┏━━
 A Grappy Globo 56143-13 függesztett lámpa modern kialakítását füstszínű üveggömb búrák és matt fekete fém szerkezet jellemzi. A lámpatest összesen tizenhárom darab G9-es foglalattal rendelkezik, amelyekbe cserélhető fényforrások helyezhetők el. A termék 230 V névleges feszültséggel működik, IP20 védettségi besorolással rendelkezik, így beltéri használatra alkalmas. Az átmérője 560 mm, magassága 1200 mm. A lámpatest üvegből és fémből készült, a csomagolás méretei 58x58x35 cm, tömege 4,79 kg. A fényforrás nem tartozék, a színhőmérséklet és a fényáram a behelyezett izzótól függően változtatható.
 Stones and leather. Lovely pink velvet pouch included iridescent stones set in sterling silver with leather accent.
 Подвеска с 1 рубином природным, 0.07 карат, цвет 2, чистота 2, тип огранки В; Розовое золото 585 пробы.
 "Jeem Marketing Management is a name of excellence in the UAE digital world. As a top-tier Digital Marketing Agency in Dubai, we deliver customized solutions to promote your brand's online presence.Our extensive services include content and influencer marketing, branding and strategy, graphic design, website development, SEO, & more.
┗━━
┏━━
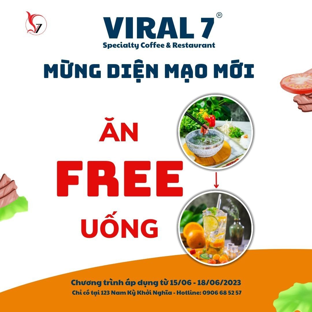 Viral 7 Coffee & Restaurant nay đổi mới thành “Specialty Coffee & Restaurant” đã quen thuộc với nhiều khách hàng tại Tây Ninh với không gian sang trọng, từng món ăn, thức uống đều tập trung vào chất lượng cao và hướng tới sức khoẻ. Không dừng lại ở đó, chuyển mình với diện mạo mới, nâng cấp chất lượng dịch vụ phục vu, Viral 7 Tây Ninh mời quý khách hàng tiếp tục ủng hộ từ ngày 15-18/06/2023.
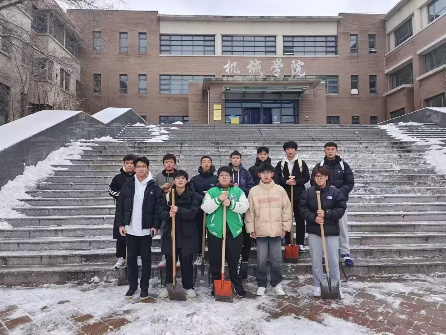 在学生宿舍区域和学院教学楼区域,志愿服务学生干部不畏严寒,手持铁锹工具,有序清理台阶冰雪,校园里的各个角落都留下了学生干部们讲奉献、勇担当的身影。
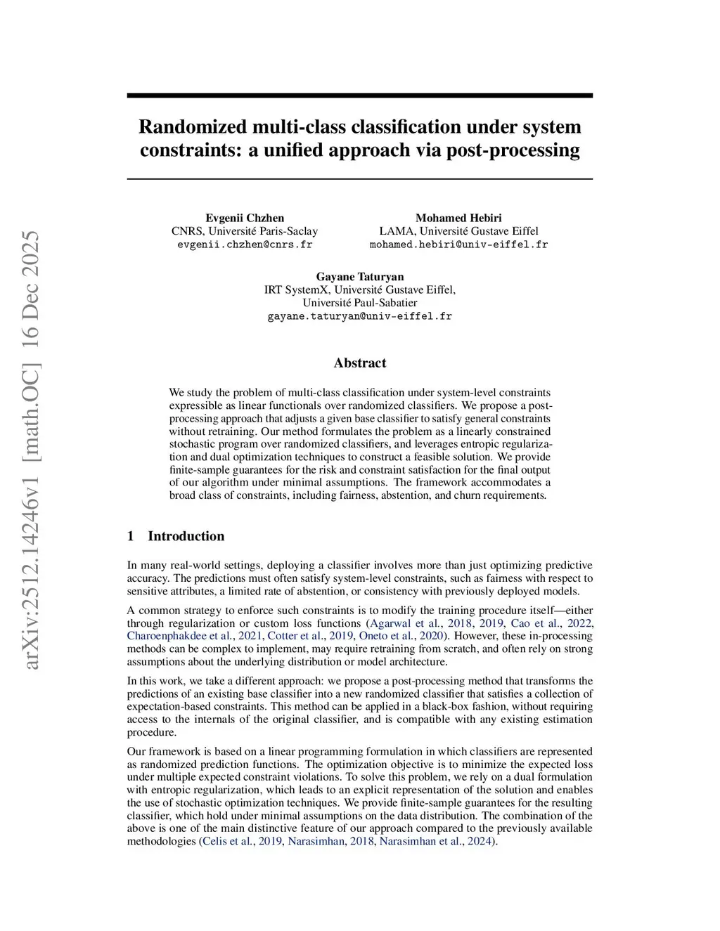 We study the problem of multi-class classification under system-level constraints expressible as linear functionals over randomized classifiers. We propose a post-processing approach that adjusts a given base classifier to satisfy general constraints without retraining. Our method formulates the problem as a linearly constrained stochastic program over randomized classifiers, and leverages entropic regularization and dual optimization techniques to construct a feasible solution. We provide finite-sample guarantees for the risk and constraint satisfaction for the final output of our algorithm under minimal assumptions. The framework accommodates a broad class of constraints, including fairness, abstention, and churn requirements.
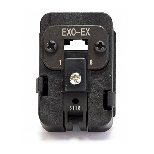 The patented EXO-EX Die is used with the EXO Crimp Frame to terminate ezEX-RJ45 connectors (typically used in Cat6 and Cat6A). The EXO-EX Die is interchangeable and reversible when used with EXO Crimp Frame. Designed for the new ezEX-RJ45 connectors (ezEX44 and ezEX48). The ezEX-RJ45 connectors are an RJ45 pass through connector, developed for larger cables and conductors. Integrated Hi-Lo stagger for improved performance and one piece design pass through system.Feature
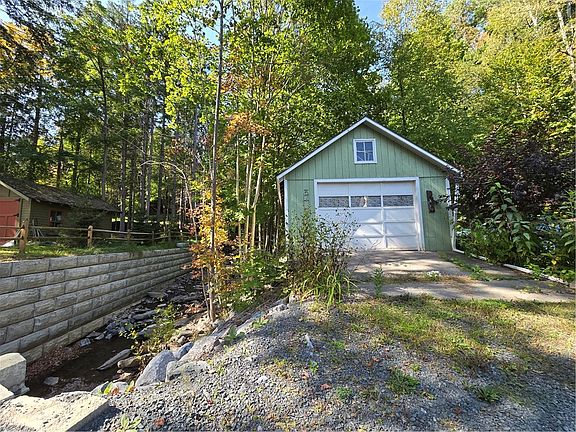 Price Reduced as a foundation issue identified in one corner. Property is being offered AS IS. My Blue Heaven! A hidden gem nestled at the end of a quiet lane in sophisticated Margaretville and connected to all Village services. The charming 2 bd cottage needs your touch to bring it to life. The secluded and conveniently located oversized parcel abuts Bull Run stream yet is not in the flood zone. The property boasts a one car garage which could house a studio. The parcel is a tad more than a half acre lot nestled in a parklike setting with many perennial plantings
┗━━
┏━━
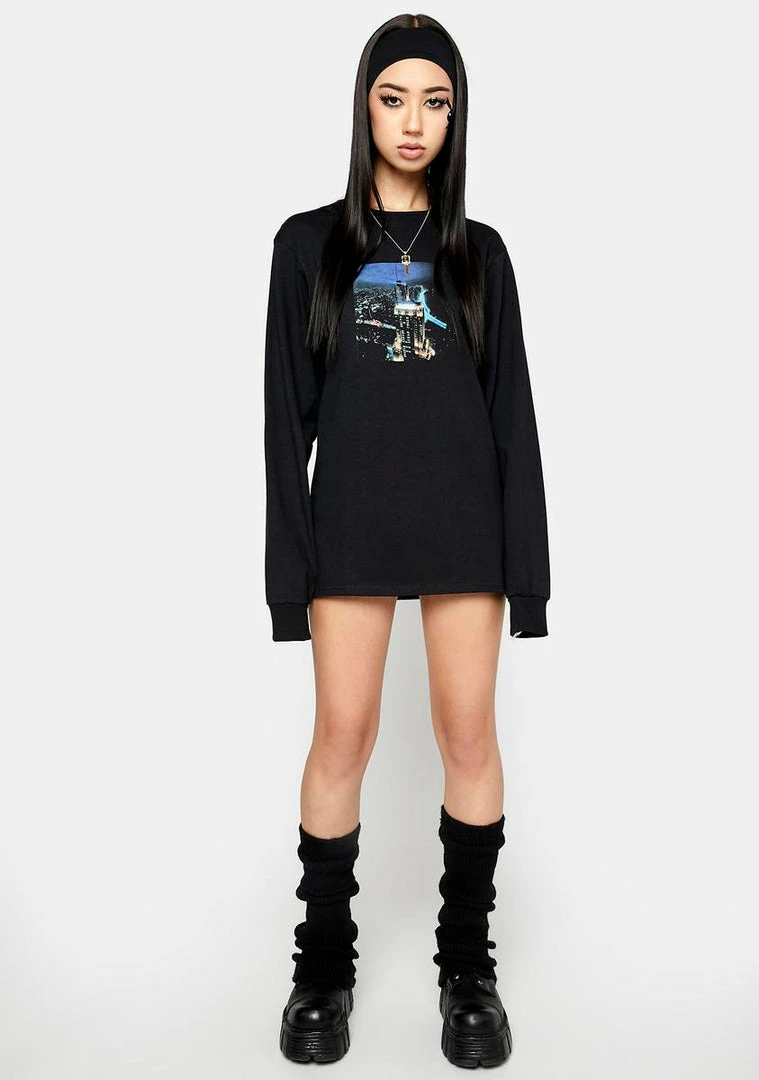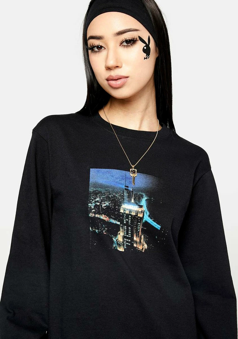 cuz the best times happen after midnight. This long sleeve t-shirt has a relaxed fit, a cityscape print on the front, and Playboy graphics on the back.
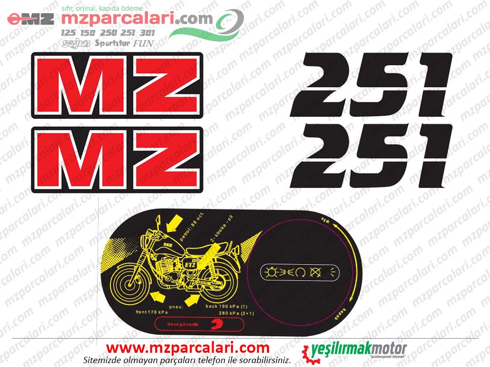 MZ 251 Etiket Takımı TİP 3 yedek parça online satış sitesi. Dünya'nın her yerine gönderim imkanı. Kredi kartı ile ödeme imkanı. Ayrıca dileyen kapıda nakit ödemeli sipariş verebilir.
┗━━
Extract the lines of the preceding material that run from the line with "A Grappy Globo" through the line with "Подвеска с 1", inclusive, reproducing them exactly and adding nothing.

 A Grappy Globo 56143-13 függesztett lámpa modern kialakítását füstszínű üveggömb búrák és matt fekete fém szerkezet jellemzi. A lámpatest összesen tizenhárom darab G9-es foglalattal rendelkezik, amelyekbe cserélhető fényforrások helyezhetők el. A termék 230 V névleges feszültséggel működik, IP20 védettségi besorolással rendelkezik, így beltéri használatra alkalmas. Az átmérője 560 mm, magassága 1200 mm. A lámpatest üvegből és fémből készült, a csomagolás méretei 58x58x35 cm, tömege 4,79 kg. A fényforrás nem tartozék, a színhőmérséklet és a fényáram a behelyezett izzótól függően változtatható.
 Stones and leather. Lovely pink velvet pouch included iridescent stones set in sterling silver with leather accent.
 Подвеска с 1 рубином природным, 0.07 карат, цвет 2, чистота 2, тип огранки В; Розовое золото 585 пробы.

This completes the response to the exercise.